*EXERCISE*
Please return the data word for word and leave out any picture it contains.

*STORED DATA*
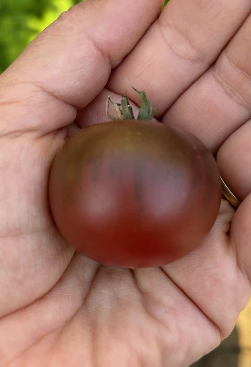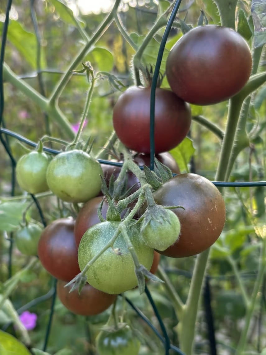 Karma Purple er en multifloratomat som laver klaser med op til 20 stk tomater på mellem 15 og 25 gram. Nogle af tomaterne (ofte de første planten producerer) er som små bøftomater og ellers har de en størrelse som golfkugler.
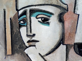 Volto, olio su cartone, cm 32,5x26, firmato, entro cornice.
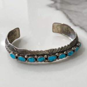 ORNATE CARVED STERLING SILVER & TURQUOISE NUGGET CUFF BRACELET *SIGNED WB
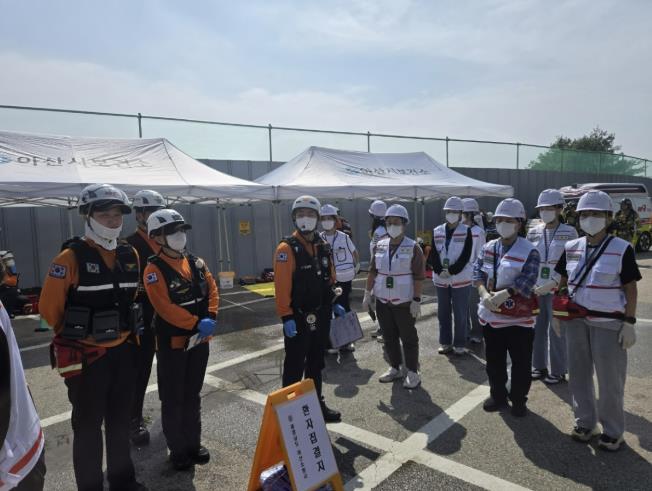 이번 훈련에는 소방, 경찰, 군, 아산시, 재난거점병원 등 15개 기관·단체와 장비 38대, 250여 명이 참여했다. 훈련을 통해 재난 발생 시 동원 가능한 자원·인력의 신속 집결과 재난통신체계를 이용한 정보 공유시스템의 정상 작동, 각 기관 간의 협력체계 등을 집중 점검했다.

*THE COMPLETED TASK*
 Karma Purple er en multifloratomat som laver klaser med op til 20 stk tomater på mellem 15 og 25 gram. Nogle af tomaterne (ofte de første planten producerer) er som små bøftomater og ellers har de en størrelse som golfkugler.
 Volto, olio su cartone, cm 32,5x26, firmato, entro cornice.
 ORNATE CARVED STERLING SILVER & TURQUOISE NUGGET CUFF BRACELET *SIGNED WB
 이번 훈련에는 소방, 경찰, 군, 아산시, 재난거점병원 등 15개 기관·단체와 장비 38대, 250여 명이 참여했다. 훈련을 통해 재난 발생 시 동원 가능한 자원·인력의 신속 집결과 재난통신체계를 이용한 정보 공유시스템의 정상 작동, 각 기관 간의 협력체계 등을 집중 점검했다.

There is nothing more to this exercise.